Alternative polyadenylation (APA) is a widespread mechanism that contributes to the generation of transcript isoforms with different lengths of 3′ untranslated regions (3′UTR) by recognizing different polyadenylation signals (1), which may cause the alteration of some important regulatory elements, such as miRNA binding sites and RNA protein binding sites, thus affecting mRNA stability, localization and translation (2,3). It has been revealed that approximately 70% of eukaryotic genes possess multiple functional polyadenylation sites (PAS) (3–6) and nearly half of genes in fruitfly (7), worm (8) and zebrafish (9) undergo APA. APA-mediated gene regulation functions in a tissue-specific (3,10), and cell-specific manner (11,12). For example, brain and neuronal cells tend to have longer 3′UTRs than testis and ovary cells (13,14). Global 3′UTR shortening has been found in proliferating cells, cancer cells and tumor samples (13,15–17), whereas 3′UTR lengthening is associated with embryonic differentiation (16) and animal neurogenesis (18). Recent studies have highlighted the important roles of APA in human. Several APA dysregulations have been identified in human diseases (6–9), such as diabetic nephropathy, systemic lupus erythematosus and muscular dystrophy (19). However, the scope for gene regulation at the level of cleavage and polyadenylation in other animals except human has not been well recognized.
Several methods have been developed to identify PAS and quantify APA events (1,20–23). Compared with early APA identification methods based on complementary DNAs, expressed sequence tags and 3′-sequencing data, which can only detect limited APA events, RNA sequencing (RNA-seq) has become an alternative technology for detecting APA events at the genome level (24–26). Accordingly, several algorithms have been developed for the identification of APA events from RNA-seq data, either based on de novo identification algorithms including IsoSCM (27), DaPars (15,28), APAtrap (29) and TAPAS (30) or annotation-based algorithms such as MISO (31), roar (32) and QAPA (33). In human, TC3A (34) and APAatlas (24) databases systematically characterize APA events in different tissues using a large amount of RNA-seq data from The Cancer Genome Atlas and Genotype-Tissue Expression project, respectively. However, there is no database that provides comprehensive APA information for other animals except human in a large number of tissues.

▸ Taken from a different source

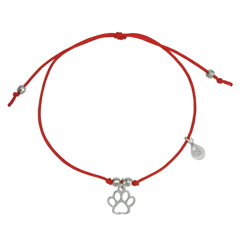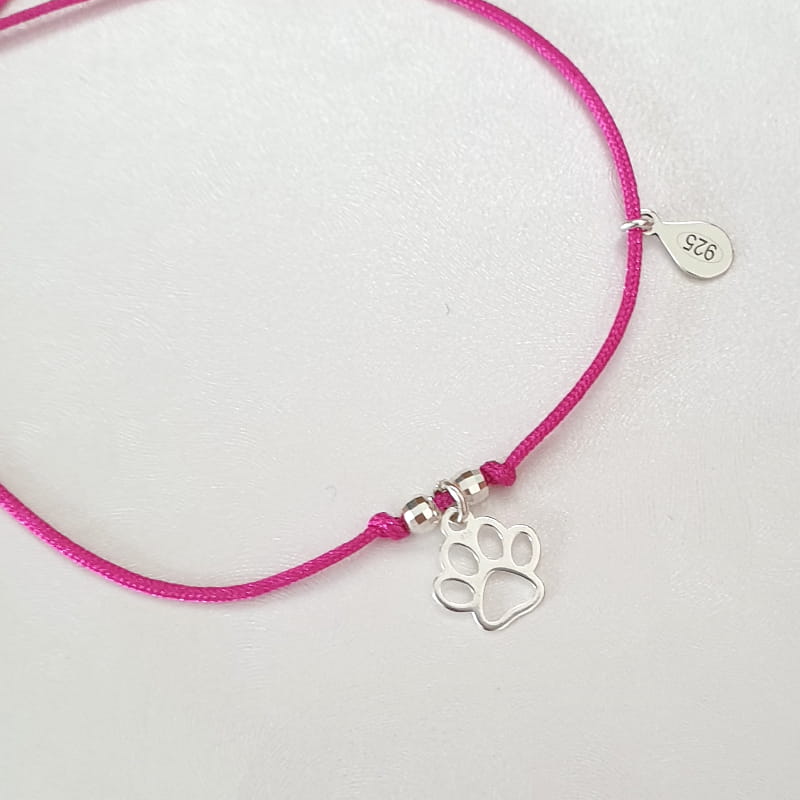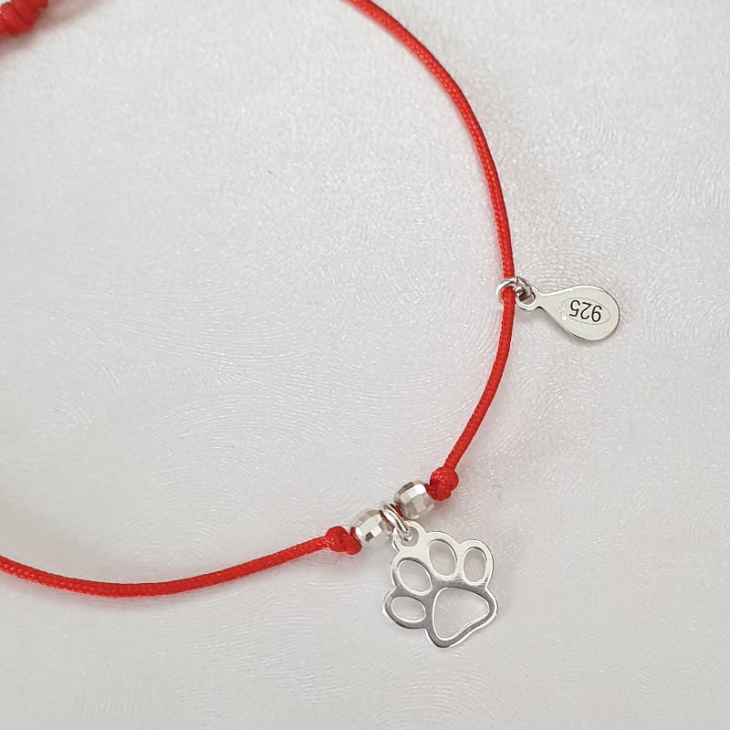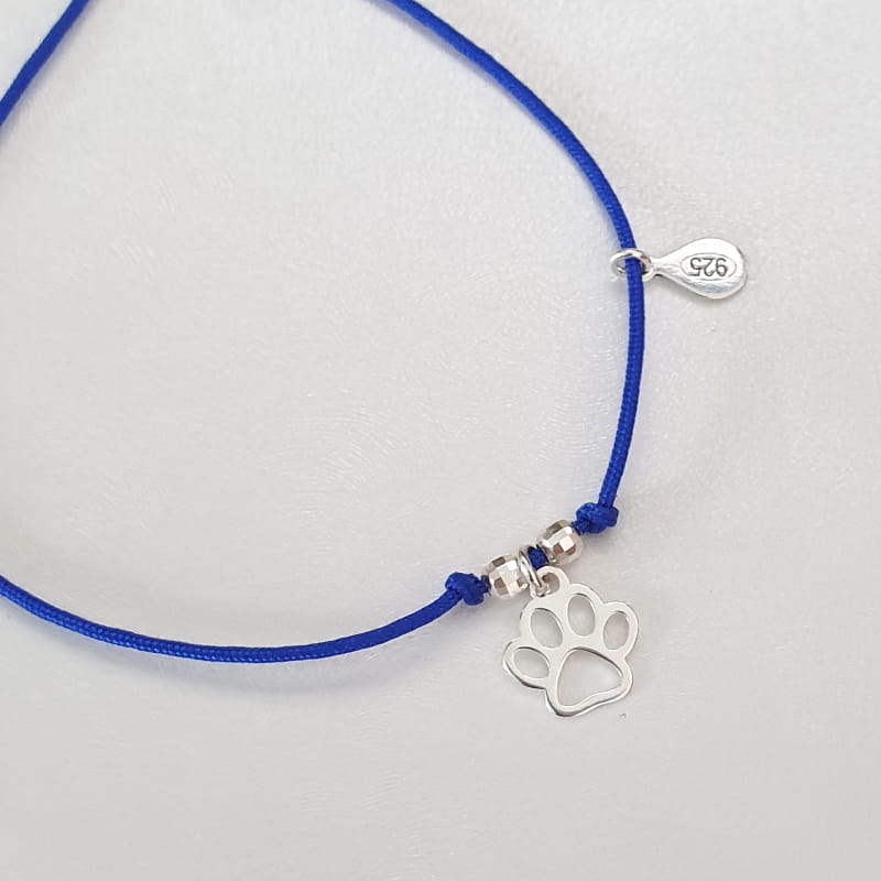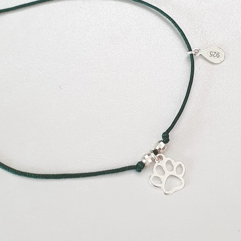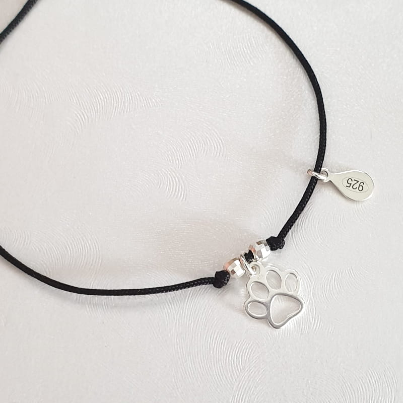 Bransoletka wykonana ze sznurka i srebra, sznureczek ozdobiony kuleczkami i delikatną łapka pupila.

In this study, we systematically characterized APA profiles in 9244 samples of 18 species using the RNA-seq data collected from public databases. These species include baboon, chicken, chimp, clawed frog, cow, crab-eating macaque, dog, fruitfly, green monkey, horse, mouse, pig, rabbit, rat, rhesus, sheep, worm and zebrafish. In addition, we predicted the PAS and motifs near PAS (APA motifs) of these species. Finally, we further developed Animal-APAdb (http://gong_lab.hzau.edu.cn/Animal-APAdb/), a user-friendly database for the browsing, searching and downloading of APA-related information.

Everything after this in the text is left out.